#### Stored data
# # #

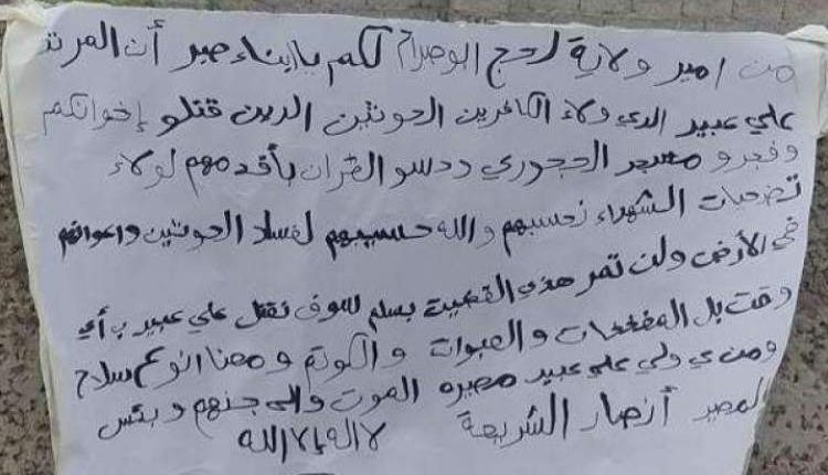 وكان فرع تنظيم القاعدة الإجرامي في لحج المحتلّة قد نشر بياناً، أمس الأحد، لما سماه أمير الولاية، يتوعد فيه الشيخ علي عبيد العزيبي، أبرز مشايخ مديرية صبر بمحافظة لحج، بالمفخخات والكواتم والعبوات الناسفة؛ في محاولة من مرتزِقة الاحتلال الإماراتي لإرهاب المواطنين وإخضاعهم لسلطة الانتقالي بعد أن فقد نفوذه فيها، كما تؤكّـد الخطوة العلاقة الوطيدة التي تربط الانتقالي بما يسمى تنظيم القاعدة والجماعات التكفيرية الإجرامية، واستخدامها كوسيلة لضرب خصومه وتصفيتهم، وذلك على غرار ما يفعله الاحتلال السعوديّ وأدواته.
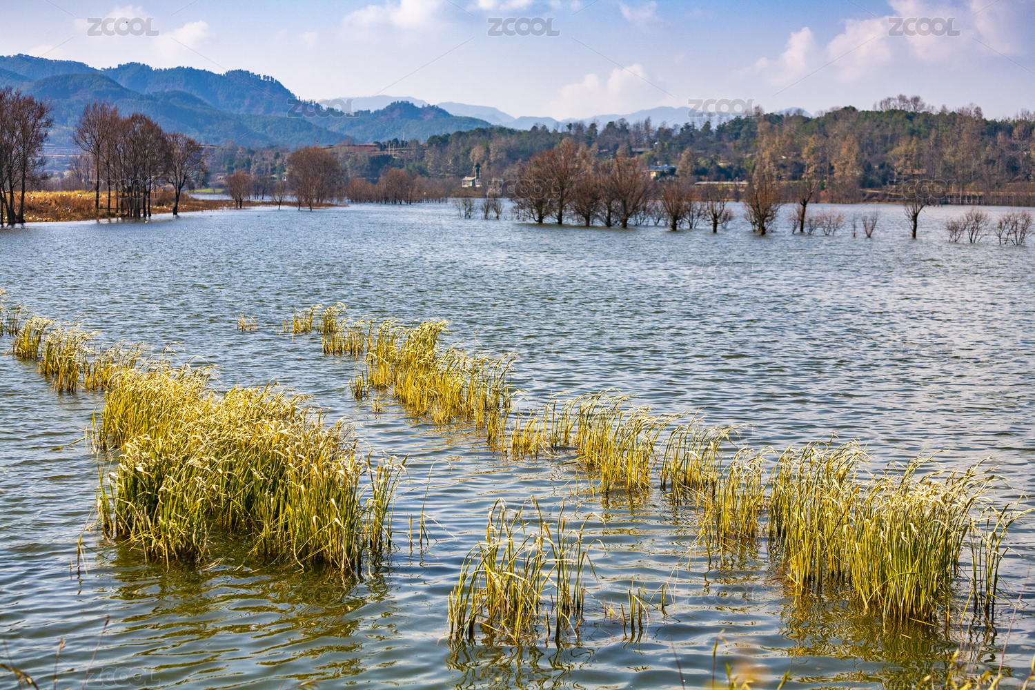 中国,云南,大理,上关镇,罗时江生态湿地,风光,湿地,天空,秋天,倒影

# # #

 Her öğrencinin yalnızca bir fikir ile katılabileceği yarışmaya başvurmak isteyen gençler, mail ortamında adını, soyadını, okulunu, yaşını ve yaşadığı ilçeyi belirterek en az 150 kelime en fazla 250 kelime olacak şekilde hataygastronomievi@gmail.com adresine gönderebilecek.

# # #

From the data above, retype only the lines starting with the line with "وكان فرع تنظيم" and going on through the line with "中国,云南,大理,上关镇,罗时江生态湿地,风光,湿地,天空,秋天,倒影", exactly, leaving out the pictures.

#### Finished exercise
 وكان فرع تنظيم القاعدة الإجرامي في لحج المحتلّة قد نشر بياناً، أمس الأحد، لما سماه أمير الولاية، يتوعد فيه الشيخ علي عبيد العزيبي، أبرز مشايخ مديرية صبر بمحافظة لحج، بالمفخخات والكواتم والعبوات الناسفة؛ في محاولة من مرتزِقة الاحتلال الإماراتي لإرهاب المواطنين وإخضاعهم لسلطة الانتقالي بعد أن فقد نفوذه فيها، كما تؤكّـد الخطوة العلاقة الوطيدة التي تربط الانتقالي بما يسمى تنظيم القاعدة والجماعات التكفيرية الإجرامية، واستخدامها كوسيلة لضرب خصومه وتصفيتهم، وذلك على غرار ما يفعله الاحتلال السعوديّ وأدواته.
 中国,云南,大理,上关镇,罗时江生态湿地,风光,湿地,天空,秋天,倒影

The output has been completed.